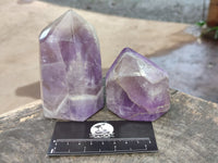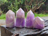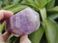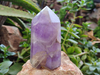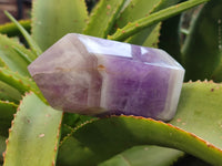 Chevron Amethyst from Madagascar is a striking variety of Amethyst that often features bold Chevron patterns formed by the interplay of deep purple Amethyst and Quartz. The distinctive V-shaped banding and linear patterns, along with the rich purple hues, are often accented by the earthy tones of Smokey Quartz, adding depth and contrast to the stone.
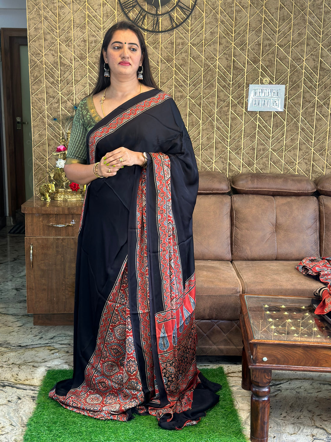 Expertly crafted with pure crepe, this Banaras fabric boasts a classic black base with striking...
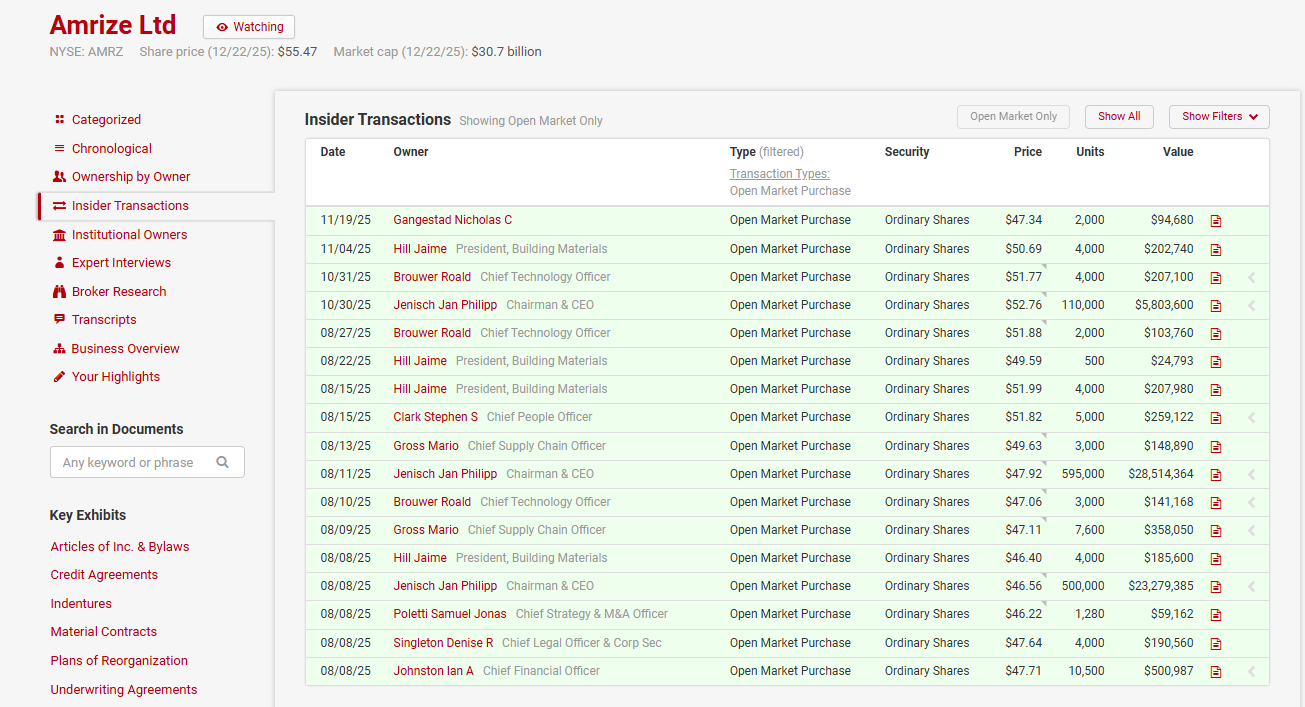 But perhaps the most interesting buy is at Amrize (AMRZ). AMRZ is a cement and aggregates company that spun off over the summer. Insiders have been massive buyers since the spin, with across the board buying headlined by ~$60m in purchases from the CEO.
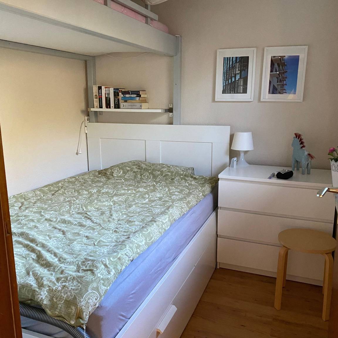Insgesamt bietet das kleine Schwedenhaus Schlafmöglichkeit für 5-6 Personen. Es gibt zwei Schlafräume: Ein Schlafraum ist mit einem Doppelbett ausgestattet, der zweite mit einem Hochbett und einem Doppelbett. Zusätzlich bietet das komfortable Schlafsofa bis zu zwei weitere Schlafmöglichkeiten (Eigentümergetestet! Es lässt sich wirklich darauf schlafen!).
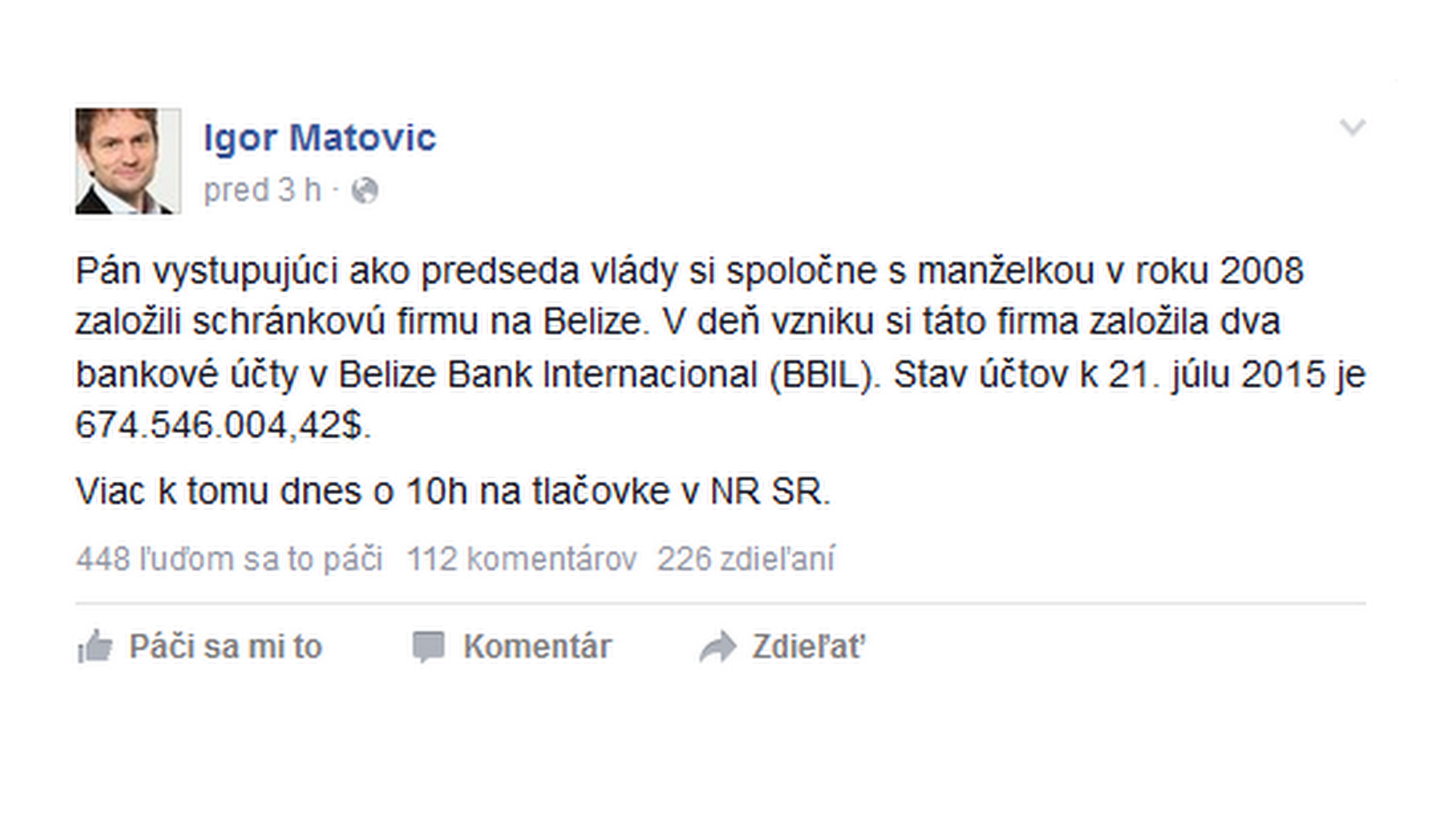 BRATISLAVA / Predseda OĽaNO Igor Matovič naštartoval svojim statusom celodenný slovný súboj. V statuse napísal, že pán vystupujúci ako predseda vlády, si spoločne s manželkou v roku 2008 založili schránkovú firmu na Belize a stav účtov tejto firmy v belizejskej banke je viac ako 674 miliónov dolárov.
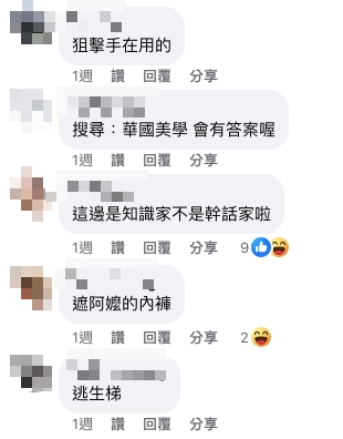 不少網友開玩笑地猜測:「偷情專用梯」、「這樣才會增加房價」、「樓上到樓下比較快」、「小王方便從屋外滑行下樓」、「狙擊手在用的」、「遮阿嬤的內褲」、「問成龍,他很常溜下來」、「讓小偷爬不上去」。
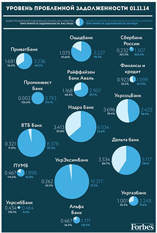 Так, по состоянию на 1 ноября 2014 года только у крупнейших банков Украины в портфелях находилось более 57 млрд гривен проблемной задолженности юрлиц и почти 19 млрд гривен – физлиц.
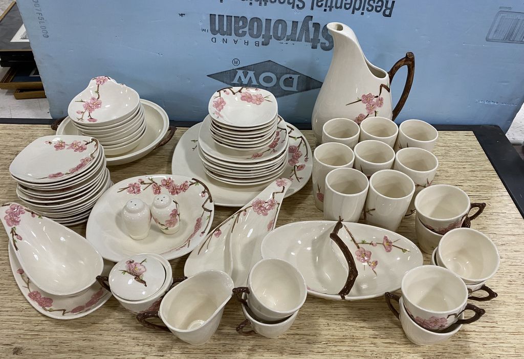 Pobby Trail "Peach Blossom" China. Gravy, 8 soup bowls, water pitcher and cup set, 16 desert plates, salt and pepper, platter, 8 berry bowls, serving bowl, 8 salad plates, creamer and sugar Pobby Trail "Peach Blossom" China. Gravy, 8 soup bowls, water pitcher and cup set, 16 desert plates, salt and pepper, platter, 8 berry bowls, serving bowl, 8 salad plates, creamer and sugar
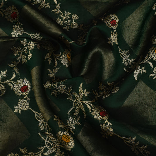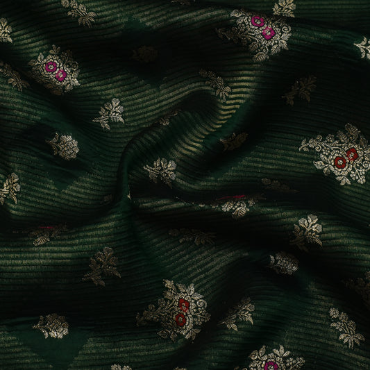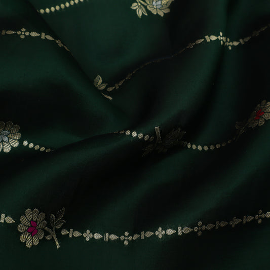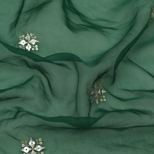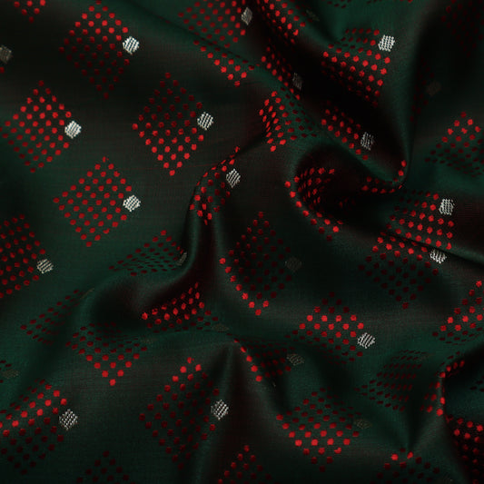 Bottle Green Color Katan Zari Booti Embroidery Fabric
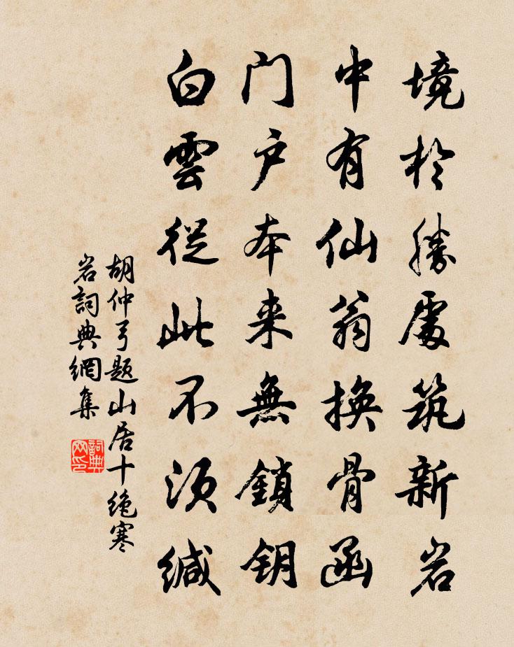 詩詞名句歷史字典書法欣賞書法字典國語詞典說文解字康熙字典古漢語字典標 題 作 者 詩 句 題山居十絕寒岩作者:胡仲弓 朝代:宋代題山居十絕寒岩原文境於勝處築新岩,中有仙翁換骨函。門戶本來無鎖鑰,白雲從此不須緘。詩詞問答問:題山居十絕寒岩的作者是誰?答:胡仲弓問:題山居十絕寒岩寫於哪個朝代?答:宋代胡仲弓題山居十絕寒岩書法欣賞題山居十絕寒岩書法作品詩詞推薦夜泊彭蠡風大作黎廷瑞〔宋代〕卸帆月欲墮,泊岸風轉急。驚砂傳鐵箭,飛霰散瓊粒。重湖太古水,帝遣龍下吸。潛鱗失故穴,蒼黃望舟入。寧知寒食有懷楚都項安世〔宋代〕北士重寒食,東風吹故鄉。不知清野後,還有踏青無。荻筍烹魚美,萎蒿裹飯腴。異鄉悲節物,歸夢近檣鳥。憶東山二首李白〔唐代〕不向東山久,薔薇幾度花。白雲還自散,明月落誰家。我今攜謝妓,長嘯絕人群。欲報東山客,開關掃白雲。偈頌一百二十三首釋崇岳〔宋代〕絕羅籠,脫羈鎖。雖是善因,而招惡果。夏中病痁作溫庭筠〔唐代〕山鬼揚威正氣愁,便辭珍簟襲狐裘。西窗一夕悲人事,團扇無情不待秋。自唐安之成都陸游〔宋代〕出門猶苦雨,度塹喜新晴。日正車無影,風高蓋有聲。疏疏稚苗立,鬱郁晚桑生。宿醉行猶倦,無人為解酲。贈台倅徐太博釋長吉〔宋代〕瓊樹從芳蕤,靈根植仙圃。懿哲蘊英才,妙幾沖雲路。曲台峻清秩,峨冠凜奇趣。霞城倅郡條,惠愛春榮布。心陂競渡詩 / 及第後江寧觀競渡寄袁州剌史成應元盧肇〔唐代〕石溪久住思端午,館驛樓前看發機。鼙鼓動時雷隱隱,獸頭凌處雪微微。衝波突出人齊譀,躍浪爭先鳥退飛。向道行住坐臥三十二頌釋印肅〔宋代〕摩尼無價汝當收,金玉浮財誓莫求。戴角披毛從此入,百千萬劫作驢牛。蘆葦江八詠東橋柳色羅仲舒〔宋代〕河橋數株柳,偏受東風多。柔條慎扔折,生意全天和。牡丹詩十首宋白〔宋代〕□應春處即□春,粉面□相□番新。語得必傳天上事,摘來真是掌中身。百花推戴教為主,□日妖□欲□人。無可夜行船(京口南園)黃機〔宋代〕紅濺羅裙三月二。露桃開、柳眠又起。百尺遊絲,罥鶯留燕,判與南園一醉。歷歷斜陽明野水。倚危闌、暮雲千里頌古四十四首釋法泰〔宋代〕百丈開田說大義,理事圓融無不備。梵音清徹十方聞,草樹鋤鍬皆聳起。末後雙拳再展開,拖泥帶水為痴呆。船流郊廟歌辭。釋奠文宣王樂章。肅和佚名〔唐代〕粵惟上聖,有縱自天。傍周萬物,俯應千年。舊章允著,嘉贄孔虔。王化茲首,儒風是宣。海棠俞桂〔宋代〕海棠裊裊弄胭脂,雨入枝頭睡正宜。最是高人有遺恨,杜陵因甚卻無詩。次黃存之東皋韻黃文雷〔宋代〕藝木東皋下,新榮冒水涯。錦機分箔鬧,青子亞枝斜。犢角初生筍,龍鬚正引瓜。吸清雙玉井,留客品嘗茶。奉和聖制從蓬萊向興慶閣道中留春雨中春望之作應制王維〔唐代〕渭水自縈秦塞曲,黃山舊繞漢宮斜。鑾輿迥出千門柳,閣道回看上苑花。雲里帝城雙鳳闕,雨中春樹萬人家。為乘超宗道人請贊釋宗杲〔宋代〕一條白棒,佛祖俱打。超宗禪人,大膽不怕。畫我來乞贊,鬼門上帖卦。三十年後此話大行,任一切人鑽龜打瓦。送王嘉叟侍郎使虜仍用其韻胡銓〔宋代〕蘇張姓字炳如丹,遍歷遐荒覺世寬。龍勒殊勛標絕域,麟宮奇節障狂瀾。二千里外河源遠,十九年間海上寒。二子巫山高李鹹用〔唐代〕通蜀連秦山十二,中有妖靈會人意。鬥豔傳情世不知,楚王魂夢春風裡。雨態雲容多似是,色荒見物皆成媚。露泫名句推薦不種閒花,池亭畔、幾竿修竹。陸容《滿江紅·詠竹》 村北村南,穀雨才耕遍。秀麥連岡桑葉賤。范成大《蝶戀花·春漲一篙添水面》 故大國之攻小國也,是交相賊也,過必反於國。墨子《墨子·49章 魯問》 世治不輕,世亂不沮;同弗與,異弗非也。戴聖《禮記·儒行》 小酌酒巡銷永夜,大開口笑送殘年。白居易《雪夜小飲贈夢得》 茶者,南方之嘉木也,一尺二尺,乃至數十尺。其巴山峽川有兩人合抱者,伐而掇之陸羽《茶經·一之源》 金陵津渡小山樓,一宿行人自可愁。張祜《題金陵渡》 馬思邊草拳毛動,雕眄青雲睡眼開。劉禹錫《始聞秋風》 別院深深夏席清,石榴開遍透簾明。蘇舜欽《夏意》 葉落根偏固,心虛節更高。憨山德清《詠竹五首》
######
Action item:
Leave the pictures out and output exactly the lines above, from the start of the listing through the line with "Bottle Green Color".

Answer section:
 Chevron Amethyst from Madagascar is a striking variety of Amethyst that often features bold Chevron patterns formed by the interplay of deep purple Amethyst and Quartz. The distinctive V-shaped banding and linear patterns, along with the rich purple hues, are often accented by the earthy tones of Smokey Quartz, adding depth and contrast to the stone.
 Expertly crafted with pure crepe, this Banaras fabric boasts a classic black base with striking...
 But perhaps the most interesting buy is at Amrize (AMRZ). AMRZ is a cement and aggregates company that spun off over the summer. Insiders have been massive buyers since the spin, with across the board buying headlined by ~$60m in purchases from the CEO.
Insgesamt bietet das kleine Schwedenhaus Schlafmöglichkeit für 5-6 Personen. Es gibt zwei Schlafräume: Ein Schlafraum ist mit einem Doppelbett ausgestattet, der zweite mit einem Hochbett und einem Doppelbett. Zusätzlich bietet das komfortable Schlafsofa bis zu zwei weitere Schlafmöglichkeiten (Eigentümergetestet! Es lässt sich wirklich darauf schlafen!).
 BRATISLAVA / Predseda OĽaNO Igor Matovič naštartoval svojim statusom celodenný slovný súboj. V statuse napísal, že pán vystupujúci ako predseda vlády, si spoločne s manželkou v roku 2008 založili schránkovú firmu na Belize a stav účtov tejto firmy v belizejskej banke je viac ako 674 miliónov dolárov.
 不少網友開玩笑地猜測:「偷情專用梯」、「這樣才會增加房價」、「樓上到樓下比較快」、「小王方便從屋外滑行下樓」、「狙擊手在用的」、「遮阿嬤的內褲」、「問成龍,他很常溜下來」、「讓小偷爬不上去」。
 Так, по состоянию на 1 ноября 2014 года только у крупнейших банков Украины в портфелях находилось более 57 млрд гривен проблемной задолженности юрлиц и почти 19 млрд гривен – физлиц.
 Pobby Trail "Peach Blossom" China. Gravy, 8 soup bowls, water pitcher and cup set, 16 desert plates, salt and pepper, platter, 8 berry bowls, serving bowl, 8 salad plates, creamer and sugar Pobby Trail "Peach Blossom" China. Gravy, 8 soup bowls, water pitcher and cup set, 16 desert plates, salt and pepper, platter, 8 berry bowls, serving bowl, 8 salad plates, creamer and sugar
 Bottle Green Color Katan Zari Booti Embroidery Fabric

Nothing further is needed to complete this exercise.